Самуил родился на Севере, в Нью-Йорке, и учился там же. Он познакомился с Коринной через свою тетку, которая вместе с теткой Коринны некогда была на миссионерской работе в Бельгийском Конго. Самуил нередко ездил со своей тетей Алфеей в Атланту, где жила Кориннина тетя Феодосия.

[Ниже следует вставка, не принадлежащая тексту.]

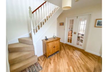 To the front – A brick paved driveway leading to the front entrance and double garage, providing off road parking.
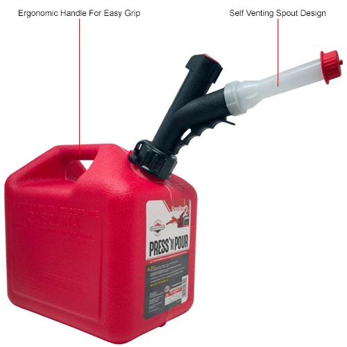 Step up to a safer can with the GarageBOSS Press ‘N Pour portable fuel container. Made in the USA and meeting and exceeding all safety regulations of ASTM, EPA and CARB. The GarageBOSS Press ‘N’ Pour Can contains a permanently affixed FlexFMD Flame Mitigation Device. This FlexFMD contains over 100,000 perforations protecting against flame jetting while not impeding flow in or out. The innovative Press ‘N Pour spout with fuel pump inspired ergonomic grip allows for precision flow control with a simple press of the button. The Press ‘N Pour spout automatically shuts off and has a self venting spout design while being senior friendly and child safe.
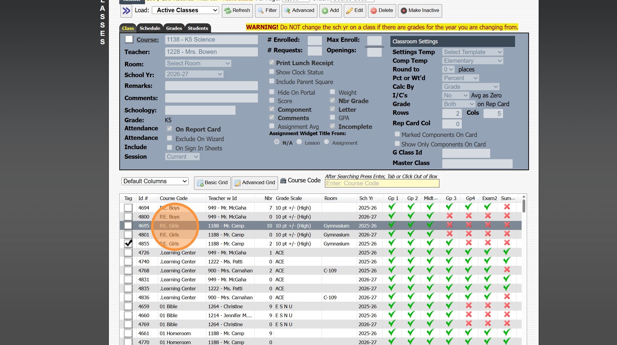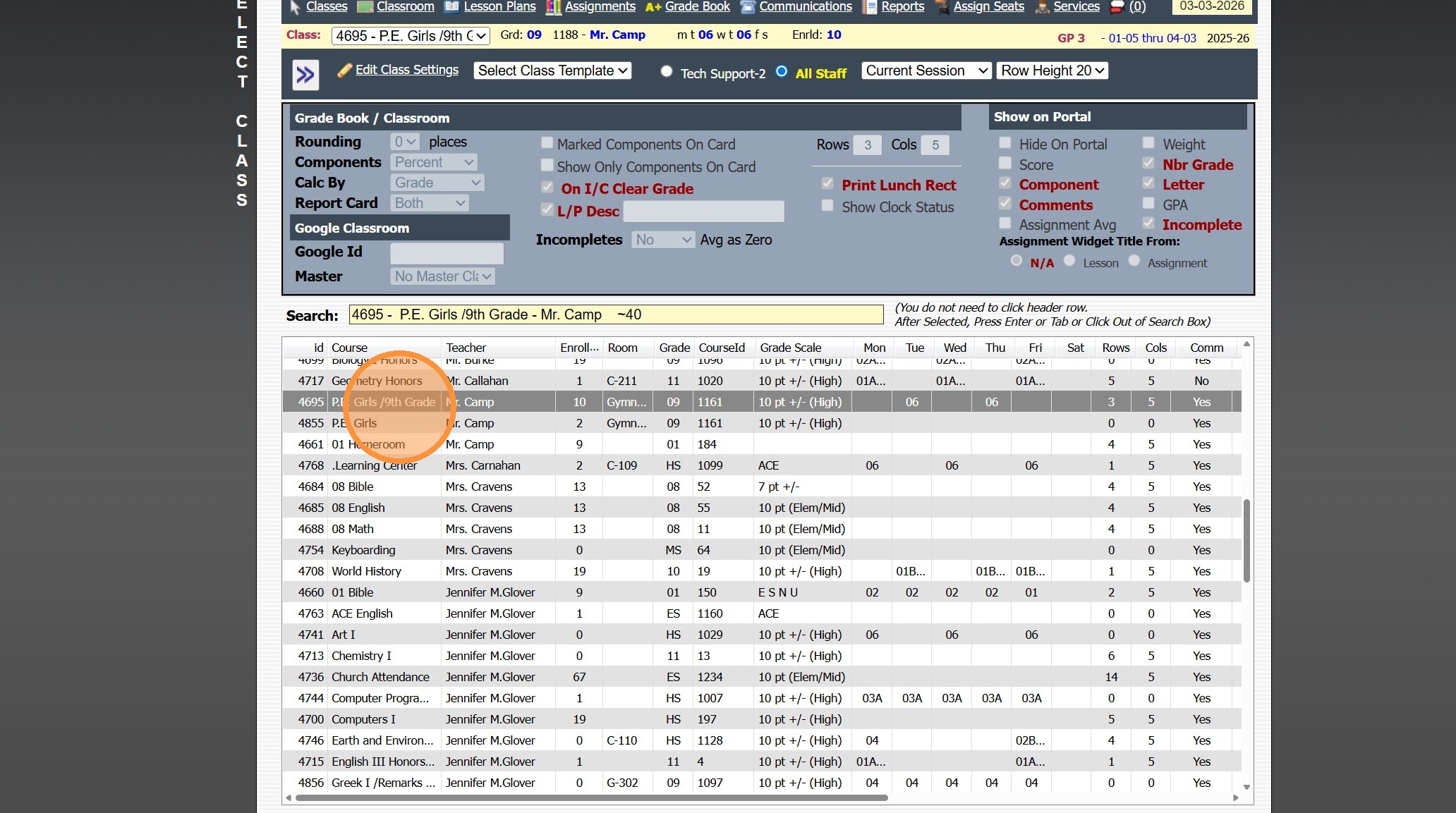 Viewing All Teacher's Classes
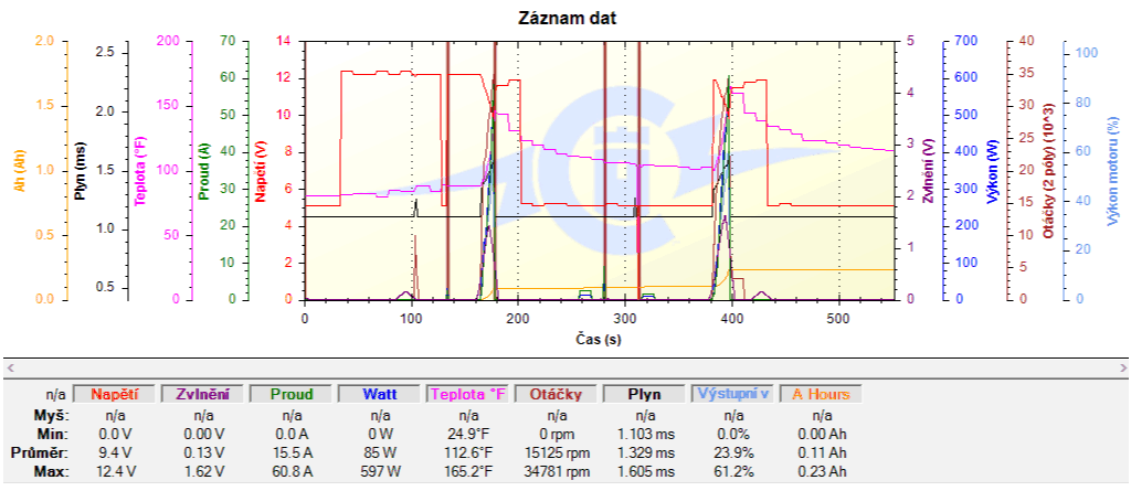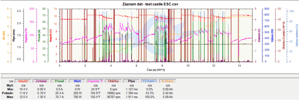 Druhý den jsem to znovu zkusil s menší vrtulí 12x6,5)(byla po ruce). Motor běžel nekolik vteřin a byl cítit (ne vidět)kouř. Motor byl horký a regulátor Castle Phoenix ICE Lite 75 taky.Neví někdo, jak motor proměřit, nebo o někom, kdo by to udělal?. Dík.
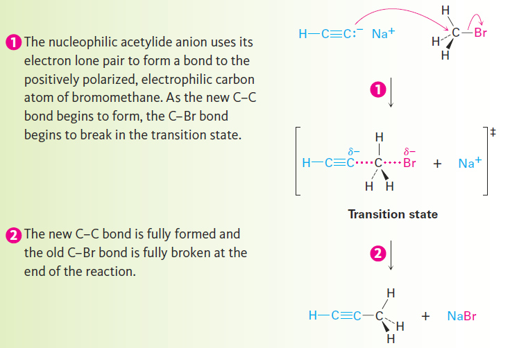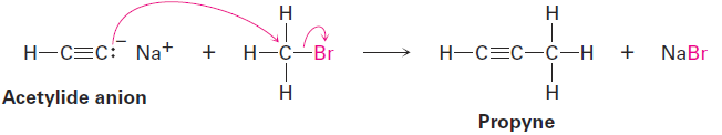 We won’t study the details of this substitution reaction but for now you can picture it as happening by the pathway shown in Figure 1.1. The nucleophilic acetylide ion uses an electron pair to form a bond to the positively polarized, electrophilic carbon atom of bromomethane. As the new C - C bond forms, Br- departs, taking with it the electron pair from the former C - Br bond and yielding propyne as product. We call such a reaction an alkylation because a new alkyl group has become attached to the starting alkyne.

Эти две дамы вместе пережили необыкновенные приключения, смеясь, рассказывал Самуил. На них нападали львы, их атаковали «туземцы», им приходилось спасаться от охваченных паникой слонов и грозных потоков воды во время дождливых сезонов. Истории, которые они обе рассказывали, были просто невероятны. Восседая на диване, набитом конским волосом, среди подушечек и абажуров, две чопорных дамы в кружевах и оборках делились за вечерним чаем самыми ошеломляющими историями.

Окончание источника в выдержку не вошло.